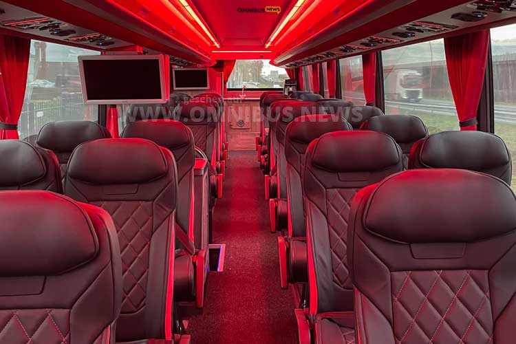 Ob das umfangreiche Soundsystem während der Fahrt auch Fangesänge einspielt? Dazu schweigen Busbetreiber und Fußballclub… Wer die großzügige Heckküche verlässt entdeckt beim Gang durch den Bus dann noch Laptop- bzw. Stromanschlüsse an jedem Platz und mehrere Bildschirme. Bert Fonteijn von Kupers Touringcars freute sich anlässlich der Auslieferung im Hause der VDL Bus Group zusammen mit An-Sophie Meeuwissen von der VDL Bus Group über die „sportliche Leistung“ der Spitzenklasse. Der Van Hool Acron sei unter dem Dach der neuen VDL Bus Group der passende Mannschaftsbus. (Kupers/VDL/PM/Sr)
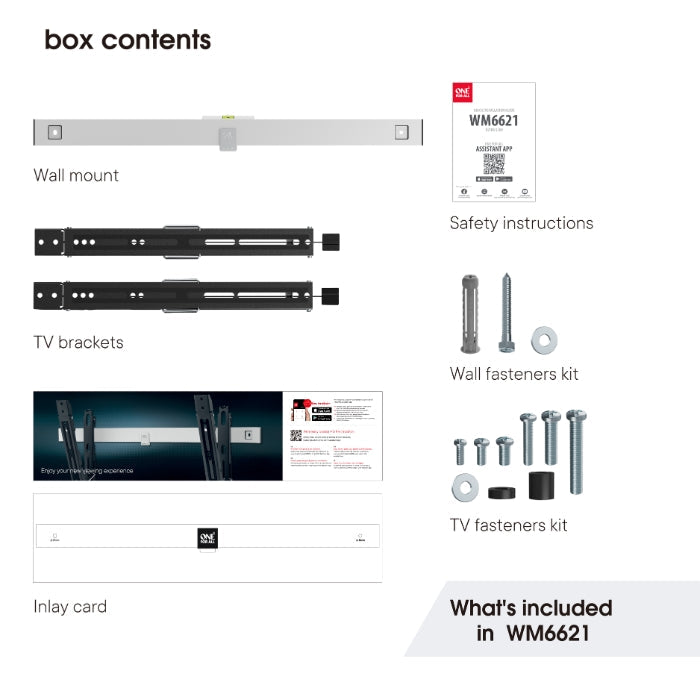With a slim profile that holds your TV close to the wall, the WM6621 keeps your space looking modern and clean. Installation is quick and easy—simply mount, adjust, and enjoy great viewing from any angle.
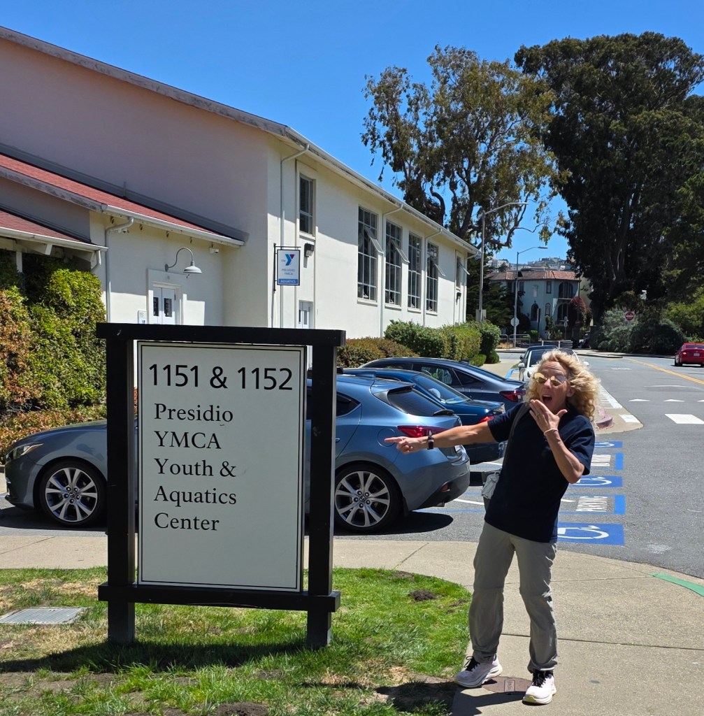 To experience it all, I’d practically have to move at lightspeed! Swim-ergency kit in hand, we took off for the Letterman Pool at the Presidio YMCA. Yes, this National Park has mixed use buildings, including a Y! After introducing ourselves to the very interested staff, I checked in, dove in, and blasted through a fast 1000 yards. With plenty of windows, this pool was well-lit and welcoming. I particularly enjoyed the large, bright mural of the Army swimmer. Very fitting, as once upon a time, Army swimmers worked out on this base.
· · ·
Description of the task - Write out an exact copy of the lines beginning at the line that contains "With a slim" and ending at the last line of the listing. Exclude pictures.

Solved problem -
With a slim profile that holds your TV close to the wall, the WM6621 keeps your space looking modern and clean. Installation is quick and easy—simply mount, adjust, and enjoy great viewing from any angle.
 To experience it all, I’d practically have to move at lightspeed! Swim-ergency kit in hand, we took off for the Letterman Pool at the Presidio YMCA. Yes, this National Park has mixed use buildings, including a Y! After introducing ourselves to the very interested staff, I checked in, dove in, and blasted through a fast 1000 yards. With plenty of windows, this pool was well-lit and welcoming. I particularly enjoyed the large, bright mural of the Army swimmer. Very fitting, as once upon a time, Army swimmers worked out on this base.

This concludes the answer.